Housing Tax Benefits Do Not Increase Homeownership
April 11, 2014
The tax code contains numerous benefits for homeowners. The largest is the mortgage-interest deduction (allowing homeowners to deduct interest paid on their mortgages from their taxable income). The idea behind these tax benefits is that they encourage homeownership. But in reality, they are regressive and expensive, and there is no indication that they actually do increase ownership, say Andrew Hanson, an associate fellow at the R Street Institute, Ike Brannon, a growth fellow at the George W. Bush Institute, and Zackary Hawley, an assistant professor of economics at Texas Christian University.
So what do these tax expenditures actually do? They lead to the purchase of larger homes and the greater use of debt financing.
- The mortgage-interest deduction actually increases the size of homes purchased by people who would otherwise purchase smaller one, but it does not encourage owning rather than renting.
- It is estimated that average home sizes increase by 11 percent to 18 percent due to the deduction. Basically, without the mortgage interest deduction, homeownership would not decrease, it would just mean that homeowners would be purchasing smaller homes than they currently purchase.
- Moreover, the deduction applies to the portion of a home financed by debt, so it ends up encouraging greater debt financing than would otherwise be the case.
Why does the deduction not encourage homeownership? The deduction is poorly targeted -- it does not target those who are on the margin between purchasing a home and renting.
- Because the mortgage-interest deduction is just that -- a deduction -- every dollar paid in mortgage interest is subtracted from an individual's taxable income. Higher earners, who pay higher rates, benefit more from this deduction than others.

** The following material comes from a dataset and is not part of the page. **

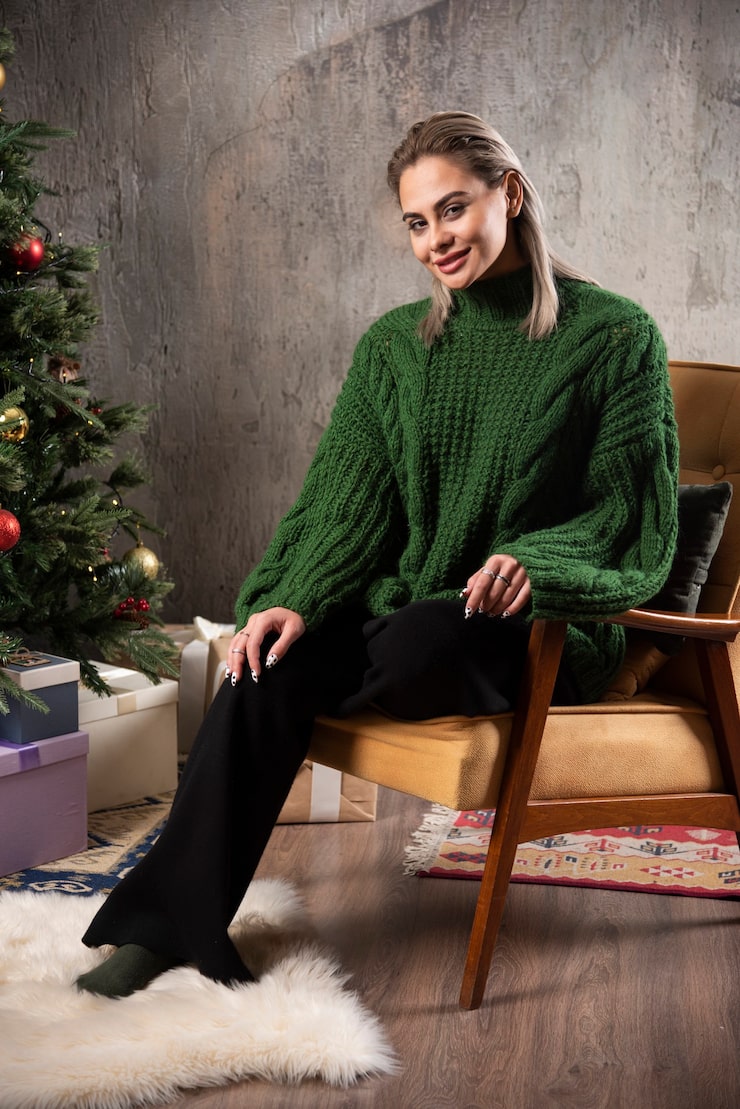 Тёплый пуловер цвета карри с оригинальным узором из кос и ромбов

- Moreover, to benefit from the deduction, taxpayers must itemize their deductions. This is not something that low- and middle-income taxpayers tend to do, for two reasons. First, because it is simpler to take the standard deduction instead ($12,200 for married couples). Second, a taxpayer would have to do a lot of tax-deductible spending to itemize his deductions to the level of the standard deduction.
- Furthermore, every dollar above the standard deduction reduces the tax bill by just 25 cents, maximum, for 90 percent of all households with incomes below $146,400.
If the government wants to encourage homeownership, the current housing benefits within our tax code are not the answer.